By default, if you encrypt a data drive using BitLocker, it will remain locked until you manually unlock it. For example, when you boot your device, you enter a password to unlock the BitLocker-encrypted system drive so that Windows can load. If you want to access data volumes that are encrypted with BitLocker, you can unlock them when required using a protector, which in this example is a password.
BitLocker Auto Unlock
BitLocker keeps data drives locked by default to protect the data stored on them while it’s not needed by the user. But in some scenarios, you might want BitLocker to unlock data drives at the same time as the system drive is unlocked. BitLocker Auto Unlock unlocks data volumes using encrypted information stored in the registry and volume metadata. Auto Unlock can be enabled by users in the Windows GUI and using PowerShell. But users require admin privileges to change BitLocker settings.

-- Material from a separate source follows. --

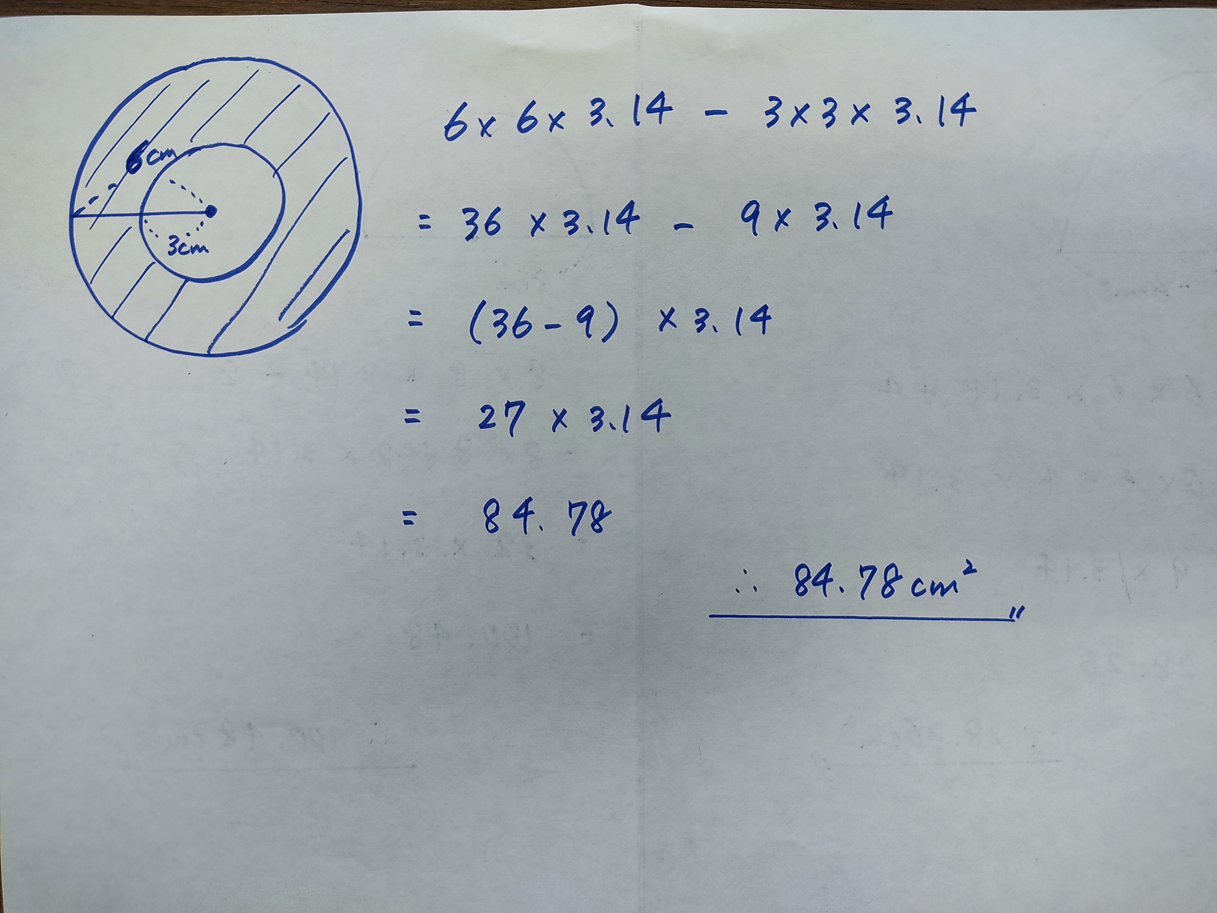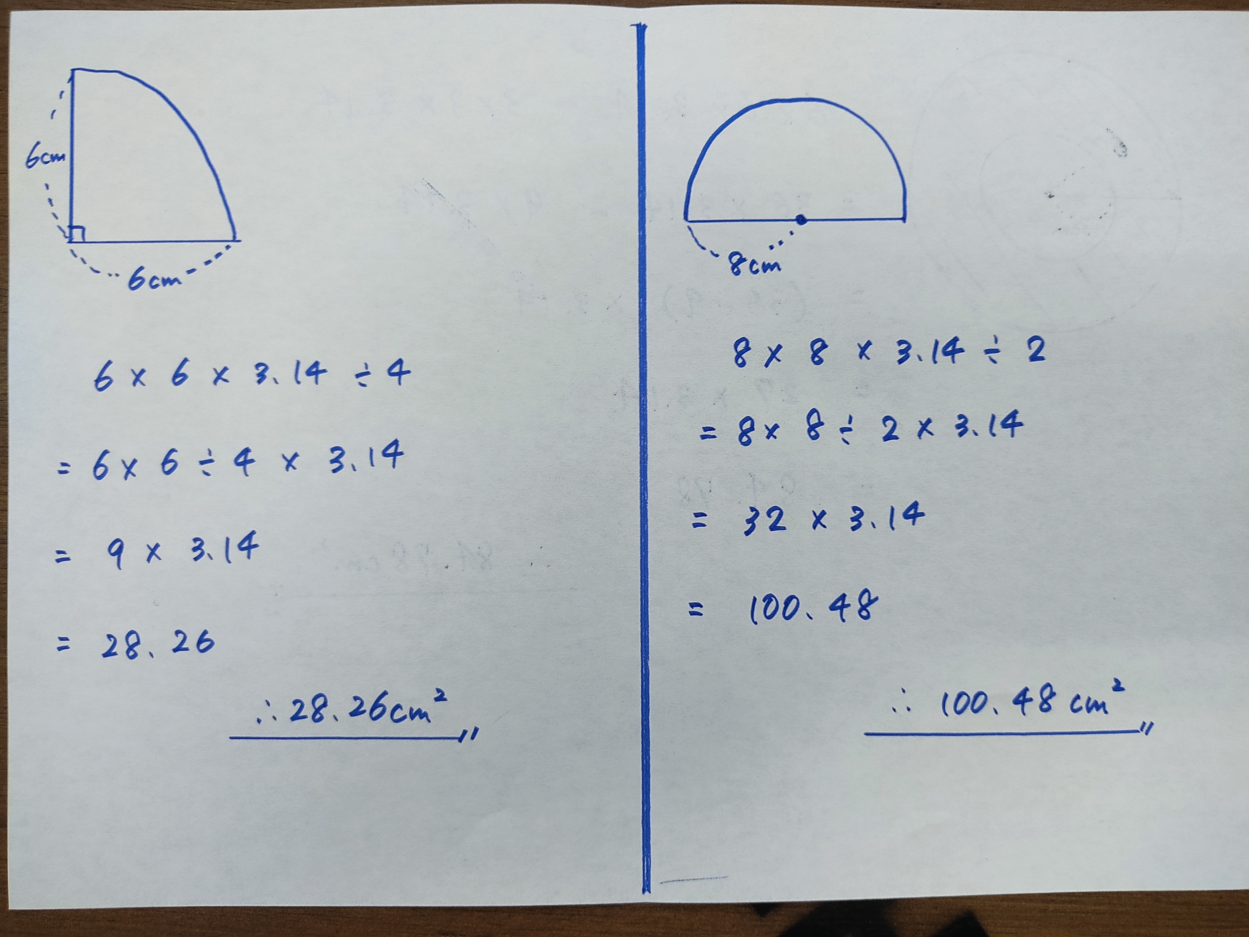 この単元は「面積=半径×半径×3.14」という公式に数値を当てはめて計算するという単純な単元の1つ。

Enable or Disable BitLocker Auto Unlock in the Windows Control Panel
At the time of writing, BitLocker is still managed using the legacy control panel. The easiest way to get to the BitLocker settings in the control panel is to open the Windows 10 Settings app by pressing CTRL+I. Then in the search box, type bitlocker. Click Manage BitLocker in the search results and you will be redirected to the BitLocker control panel.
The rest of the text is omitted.